This was a thesis project of 2018-2019 and is no longer actively maintained.
The program accepts several inputs. From an INI file, it reads the settings and parameters for operation. It allows both model validation and training.
When in training, the program imports the data using the DataController, transforming a CSV file to an internal representation of instances of the DataInstance class, which are collected in a ObservationSet.
The program also imports a set of InferenceTypes using the VocabularyController and bundles them into a Vocabulary instance. It does so from reading the contents of a JSON file. A InferenceType might require a State Descriptor, which is also constructed from the description provided in the vocabulary file. Vocabularies for both C4.5 and ID3 have been provided as an example. (These vocabularies were used in an experiment setting and their results and feasibility have as such been discussed with further recommendations indicated but not implemented in this solution)
Having imported both the vocabulary and the training data, the program constructs an instance to keep track of inferences made: an instance of InferenceManager. It also constructs an instance of SnapShot, that can produce intermediary snapshots of decision trees to be able to output prediction models at several moments during training.

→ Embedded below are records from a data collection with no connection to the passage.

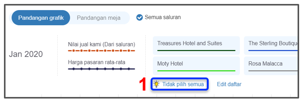 1. Klik pada "Tidak Pilih Semua" untuk batalkan pilihan SEMUA hotel kompetitor yang telah terpilih secara otomatis dalam grafik.
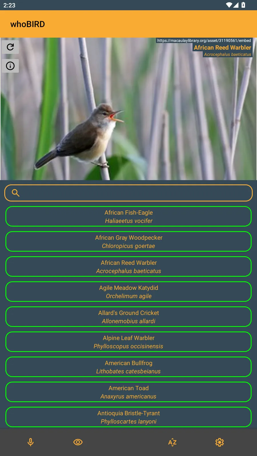 6、whoBIRD(鸟类鸣声识别工具)
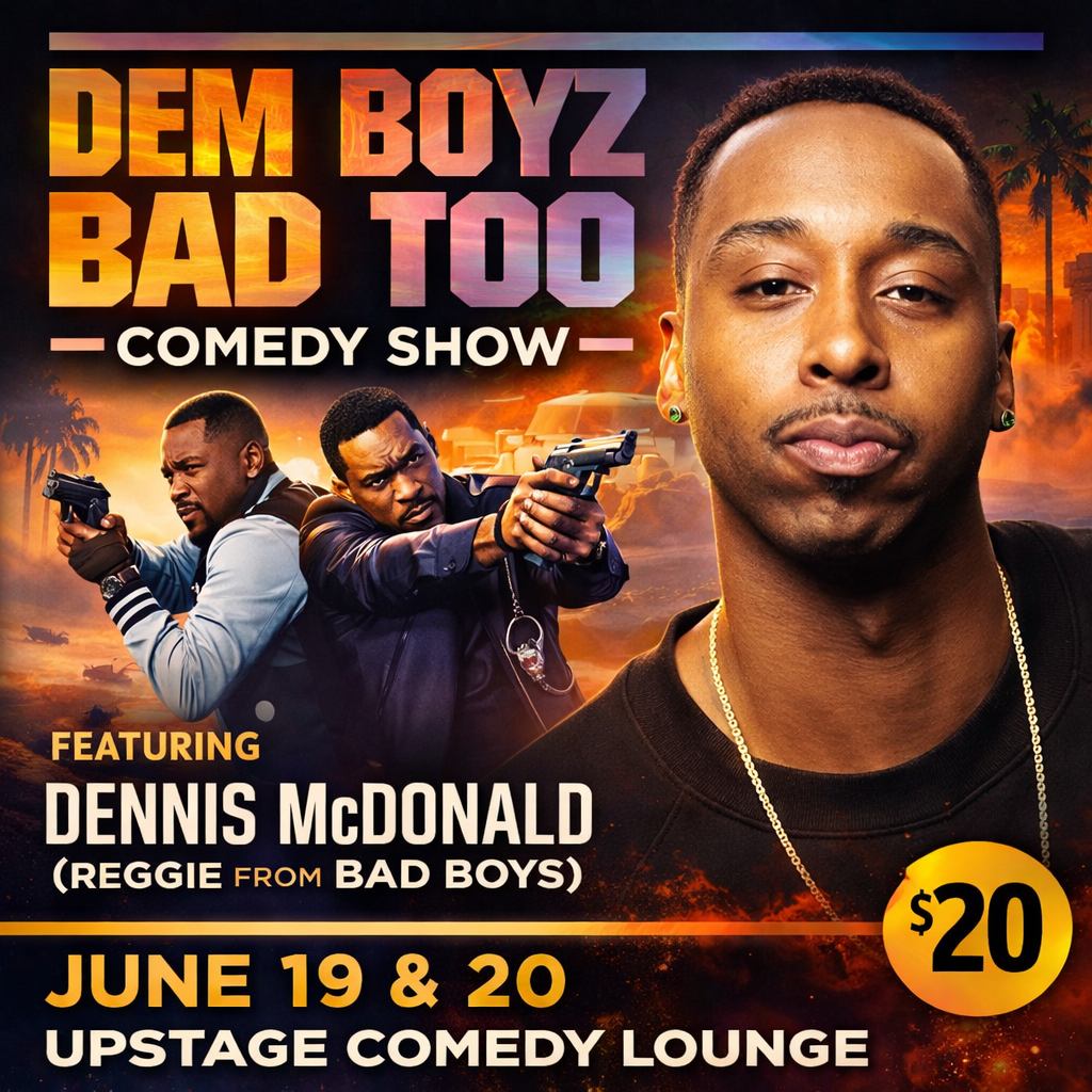 Get ready for a high-energy comedy experience inspired by the vibe of Bad Boys! The Dem Boyz Bad Too Comedy Show brings big laughs, big personality, and a night you don’t want to miss at Upstage Comedy Lounge.
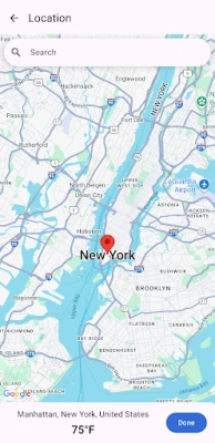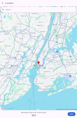 • Location (optional): Used to automatically show the weather for your current location. You can also choose a custom location manually from the map — no permission is required for that.
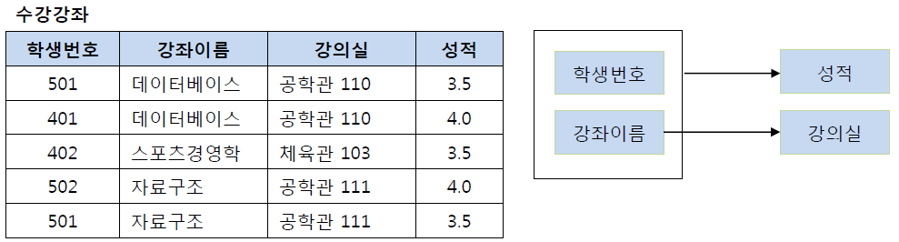 이 테이블에서 기본키는 (학생번호, 강좌이름)으로 복합키이다. 그리고 (학생번호, 강좌이름)인 기본키는 성적을 결정하고 있다. (학생번호, 강좌이름) --> (성적)
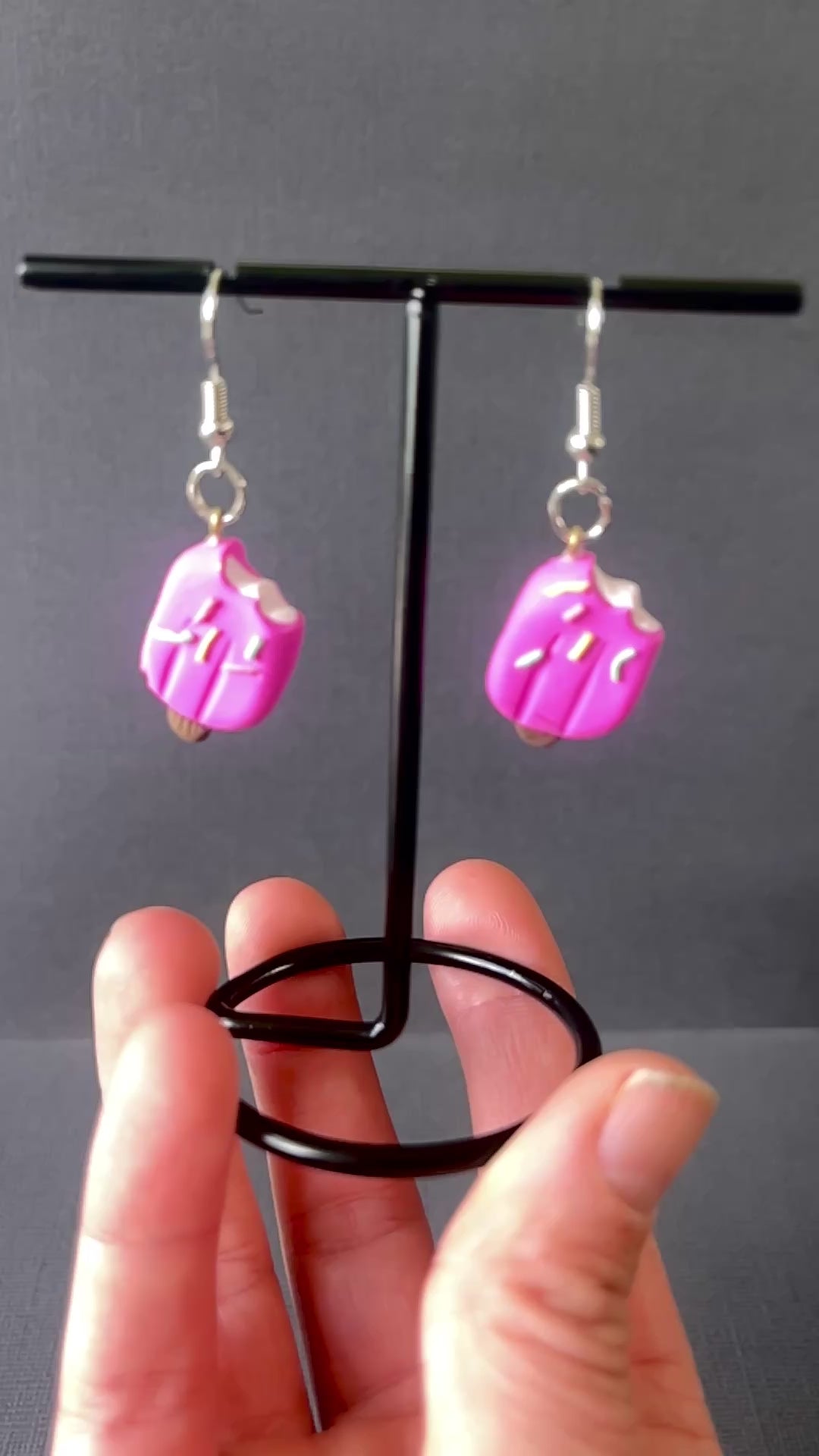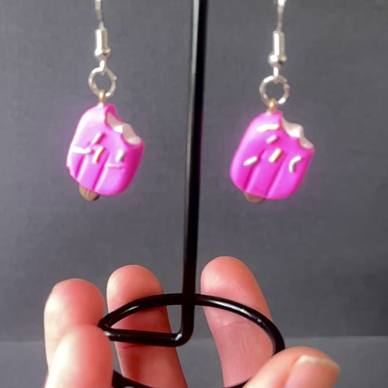 🍦✨ Pink Ice Cream Popsicle Earrings with Sprinkles

Finally, the program constructs an agent. This agent is provided with the algorithm that will be used, as well as the inference manager that the agent require access to. When the user opts to start training, the TRAIN method is called, providing both dataset and parameters. The agent then calls the TRAIN method on the provided algorithm. The agent passes itself to the algorithm, so the algorithm can call the agent to construct inferences during runtime.

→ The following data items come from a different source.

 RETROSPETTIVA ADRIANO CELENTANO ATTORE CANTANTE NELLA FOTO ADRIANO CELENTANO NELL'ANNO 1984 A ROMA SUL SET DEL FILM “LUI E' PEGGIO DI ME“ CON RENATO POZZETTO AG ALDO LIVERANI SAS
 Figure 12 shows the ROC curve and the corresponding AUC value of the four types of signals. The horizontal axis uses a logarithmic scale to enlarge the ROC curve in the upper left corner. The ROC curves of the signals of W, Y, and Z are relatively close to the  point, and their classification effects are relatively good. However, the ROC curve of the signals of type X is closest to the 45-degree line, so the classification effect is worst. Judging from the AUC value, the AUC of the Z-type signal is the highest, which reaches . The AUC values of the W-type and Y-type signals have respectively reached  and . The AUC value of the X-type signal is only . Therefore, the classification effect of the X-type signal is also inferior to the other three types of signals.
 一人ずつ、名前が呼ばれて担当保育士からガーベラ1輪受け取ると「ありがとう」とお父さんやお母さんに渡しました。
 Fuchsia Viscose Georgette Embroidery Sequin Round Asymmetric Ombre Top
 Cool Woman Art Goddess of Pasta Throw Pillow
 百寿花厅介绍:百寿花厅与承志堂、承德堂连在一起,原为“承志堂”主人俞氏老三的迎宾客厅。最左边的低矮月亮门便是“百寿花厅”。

Within an algorithm’s implementation code, the algorithm can call AGENT.Think(string inference_id). It can provide a set of keys and values to provide the variables and their values to be considered. The agent constructs an instance of StateRecording, provided with the proper State Descriptor. The variables are set according to how the algorithm has provided them, and the algorithm can also call to finish the inference. When an inference is finished, it verifies if all required variables have been set and if they have the correct type. After training, the inferences are saved. If the program attempts to save an unfinished inference, this means that there is a disparity between the provided vocabulary and the implementation of said vocabulary in the code, and an error is thrown.

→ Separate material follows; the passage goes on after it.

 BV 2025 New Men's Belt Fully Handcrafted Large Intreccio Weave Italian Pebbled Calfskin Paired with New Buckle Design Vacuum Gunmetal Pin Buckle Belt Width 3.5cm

At moments of choice, but at least after training, the prediction model is passed to the snapshot instance. This classifies the training data using that model, to establish its accuracy and to colour the leaves within the decision tree based on the amount of instances they classify as a means of visual representation. The prediction model is then saved in a format of decision rules, a format than can be imported for classification, and a graphical representation in the DOT language that can be opened with a program such as GVEdit.